### Exercise
Go through the listing below and output exactly the line with "Mostly hidden in", the line with "Enjoy a sleek, open-plan", and each line between; omit the rest.
### Exercise data
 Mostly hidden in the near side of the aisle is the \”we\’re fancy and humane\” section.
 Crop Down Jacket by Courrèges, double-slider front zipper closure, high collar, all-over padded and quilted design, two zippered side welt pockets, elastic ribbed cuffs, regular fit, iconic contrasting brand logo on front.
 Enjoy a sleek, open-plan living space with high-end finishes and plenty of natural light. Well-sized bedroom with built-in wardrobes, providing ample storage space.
######
### Exercise data
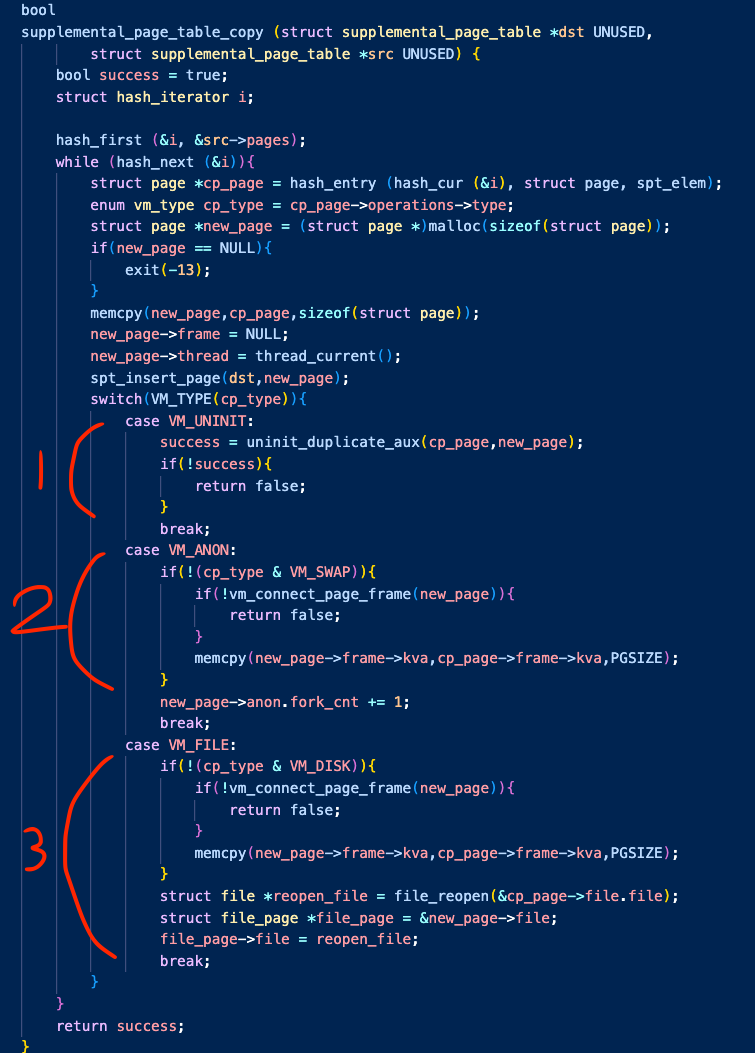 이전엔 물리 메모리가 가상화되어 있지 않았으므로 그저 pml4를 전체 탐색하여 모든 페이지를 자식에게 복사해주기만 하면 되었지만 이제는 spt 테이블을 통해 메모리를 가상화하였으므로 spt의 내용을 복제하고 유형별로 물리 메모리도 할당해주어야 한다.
######
### Solution
 Mostly hidden in the near side of the aisle is the \”we\’re fancy and humane\” section.
 Crop Down Jacket by Courrèges, double-slider front zipper closure, high collar, all-over padded and quilted design, two zippered side welt pockets, elastic ribbed cuffs, regular fit, iconic contrasting brand logo on front.
 Enjoy a sleek, open-plan living space with high-end finishes and plenty of natural light. Well-sized bedroom with built-in wardrobes, providing ample storage space.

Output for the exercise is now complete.